Currently, the asiolink library only supports DNS servers (i.e., b10-auth
and b10-recurse). The plan is to make it more generic and allow it to
support other modules as well.
Some of the classes defined here--for example, IOSocket, IOEndpoint,
and IOAddress--are to be used by BIND 10 modules as wrappers around
ASIO-specific classes.
Other classes implement the DNS protocol on behalf of BIND 10 modules.
These DNS server and client routines are written using the "stackless
coroutine" pattern invented by Chris Kohlhoff and described at
This is intended to simplify development a bit, since it allows the
routines to be written in a straightfowrard step-step-step fashion rather
than as a complex chain of separate handler functions.
Coroutine objects (i.e., UDPServer, TCPServer and UDPQuery) are objects
with reenterable operator() members. When an instance of one of these
classes is called as a function, it resumes at the position where it left
off. Thus, a UDPServer can issue an asynchronous I/O call and specify
itself as the handler object; when the call completes, the UDPServer
carries on at the same position. As a result, the code can look as
if it were using synchronous, not asynchronous, I/O, providing some of
the benefit of threading but with minimal switching overhead.

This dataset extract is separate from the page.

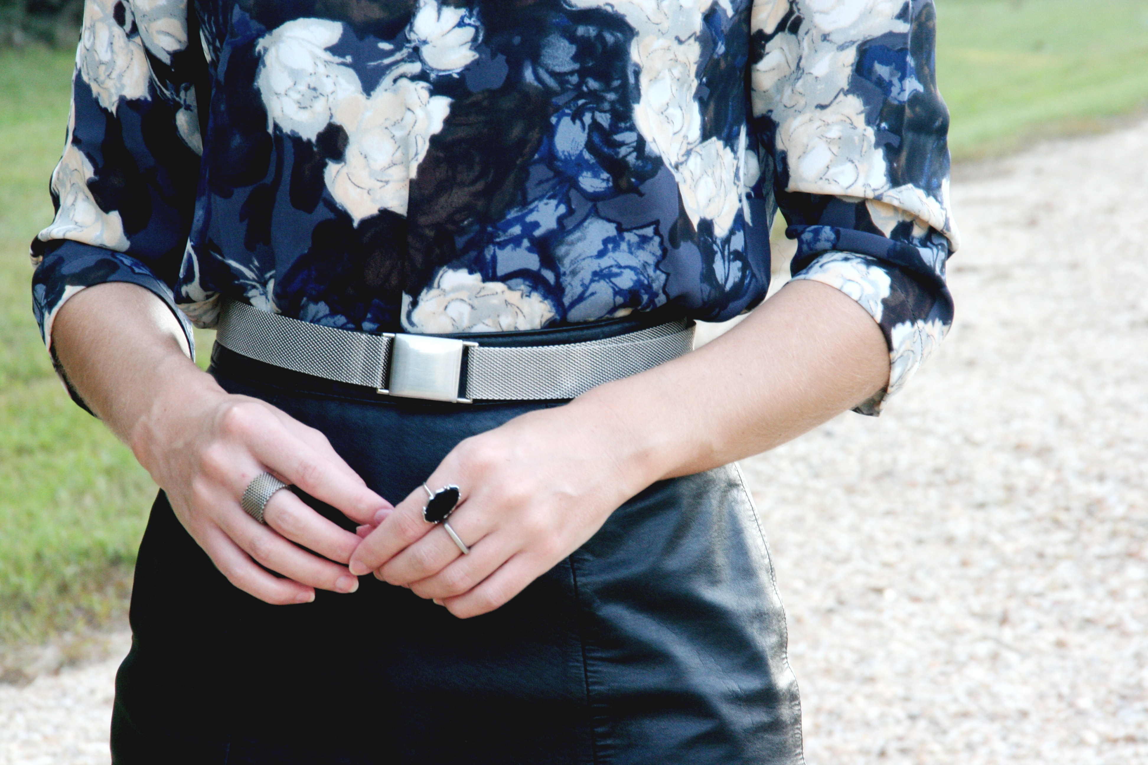 I love the juxtaposition of leather and delicate florals. The combo will never get old. I found this blouse on a TJ Maxx run—it’s actually a crop top! It is long enough on me to be tucked into high waisted bottoms and boxy enough to look very early 1960s with skinny pants. Crop tops are a big trend right now, but wearing them to work or even on most non-work days is not exactly an option. Sometimes being petite has its perks! The zipper in the back gives it a little oomph and toughens it up a hair. If I paired this blouse with refined bottoms, the look would appear too sweet for my taste. The small detail of a zipper can make a big difference in deciding whether or not to purchase a piece of clothing.

So, in simplified form, the behavior of a DNS Server is:
while true:
YIELD packet = read_packet
if not parent:
# This callback informs the caller that a packet has arrived, and
# gives it a chance to update configuration, etc
YIELD answer = DNSLookup(packet, this)
response = DNSAnswer(answer)
YIELD send(response)
At each "YIELD" point, the coroutine initiates an asynchronous operation,
then pauses and turns over control to some other task on the ASIO service
queue. When the operation completes, the coroutine resumes.
DNSLookup, DNSAnswer and SimpleCallback define callback methods
used by a DNS Server to communicate with the module that called it.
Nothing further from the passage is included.